2.3. Microfluidics Experiments

To determine the effect of the KCl brine, HPAM solution, and the polymeric nanofluid, an injection rate of 1 ft/d (0.19 μL/min) was employed, and experiments were performed at 25 °C. First, the microdevice was saturated with crude oil. This was followed by KCl brine injection, until no oil was observed in the production outlet. Further, the HPAM solution was injected until oil production equal to zero was reached, and finally, the polymeric nanofluid is injected to evaluate any additional oil recovery.24

3. BSEO Method Description and Implementation

To assess its performance, 426 images were used. These images were captured during the sequential flooding of both the polymer solution and the polymeric nanofluids. In this work, BSEO is proposed as an alternative method for segmenting images from flooding experiments, and it was implemented in Python38 using the Jupyter Notebook within the Anaconda environment.

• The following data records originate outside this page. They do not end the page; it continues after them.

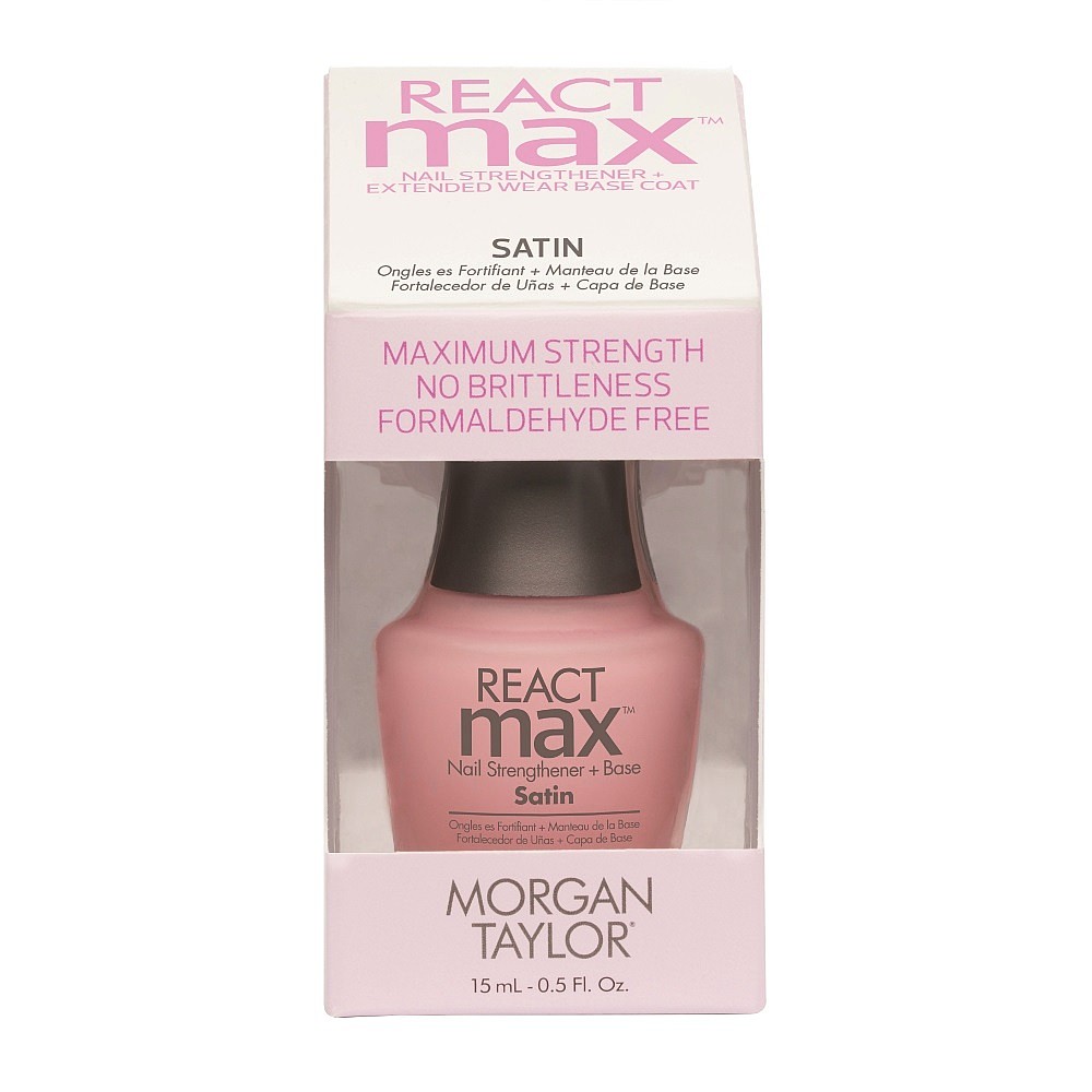 Beauty is strong and flexible, chip-free nails. Morgan Taylor REACTmax Nail Strengthener Base Coat create strong, flexible nails that work (and play) as hard as you do! With REACTmax there is zero chance of nail over-hardening. These maximum strength formaldehyde-free formulas offer up to 10 days wear with Gelish-infused technology.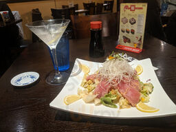 Amazing sashimi salad and grab special roll. with a big soporo beer... impossible to beat!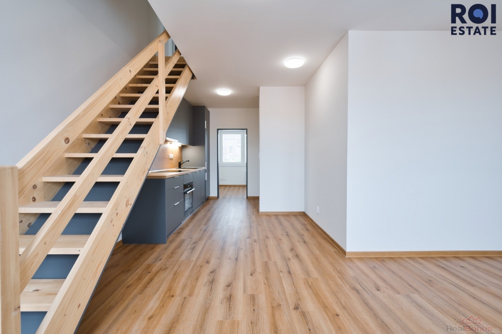 Právě zde nabízíme velmi citlivě zrekonstruovaný mezonetový byt 4?+?kk (cca 100?m2) ve 3. patře bez výtahu.
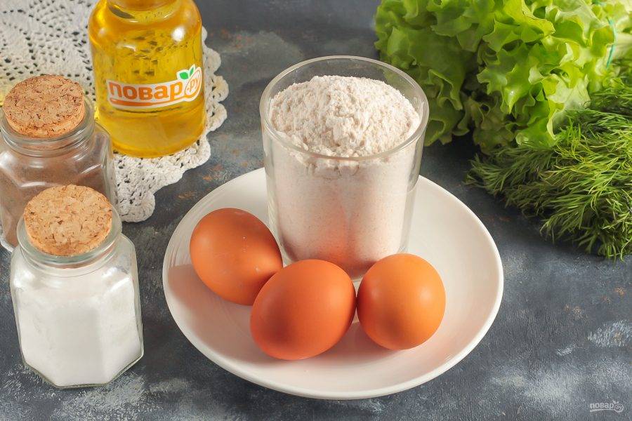 Подготовьте указанные ингредиенты. Если готовите лапшу на большую семью, то используйте 5-7 яиц.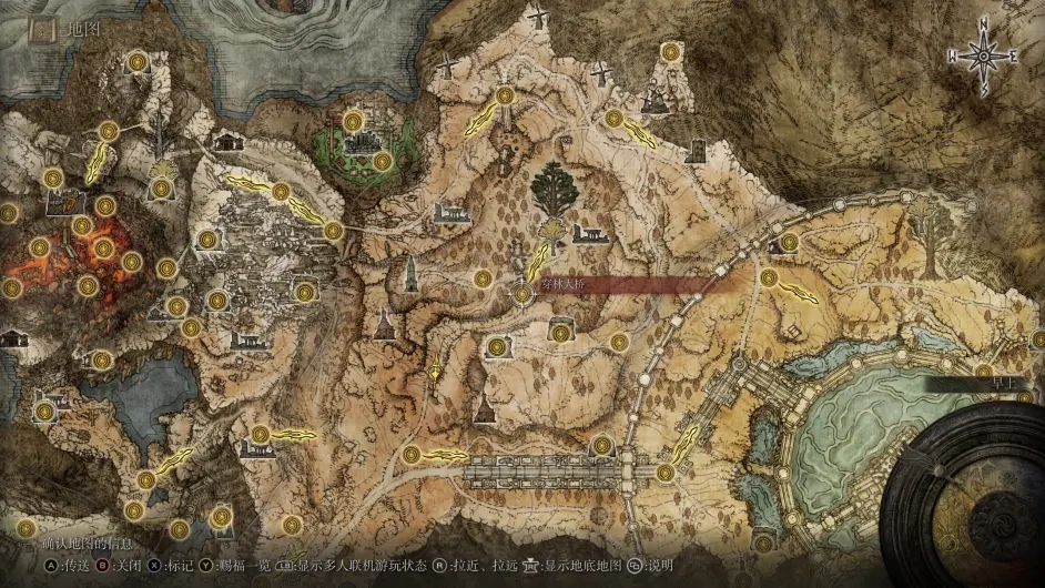 和他对话得知他在寻找金面具,金面具的位置就在穿林大桥的断桥对面,这里我们传送到穿林大桥赐福,乘坐旁边的传送门,再回头到断桥边就可以看到金面具了。

3.1. Image Processing Algorithm

A semiautomatic algorithm was developed to calculate the oil recovery percentage of the flooding experiments. Considering the high contrast between the oil and the injection fluids present in the acquired images, differentiation between the two phases became possible through the establishment of an appropriate threshold value and the conversion of the images into the binary form. Consequently, the difference between the initial state of the black pixels and the final state was interpreted as a recovered oil. As an example, data from Santamaria et al.24 are employed. Here, the authors evaluated different mechanisms of nanoCEOR using polymeric solutions in the presence of nanofluids.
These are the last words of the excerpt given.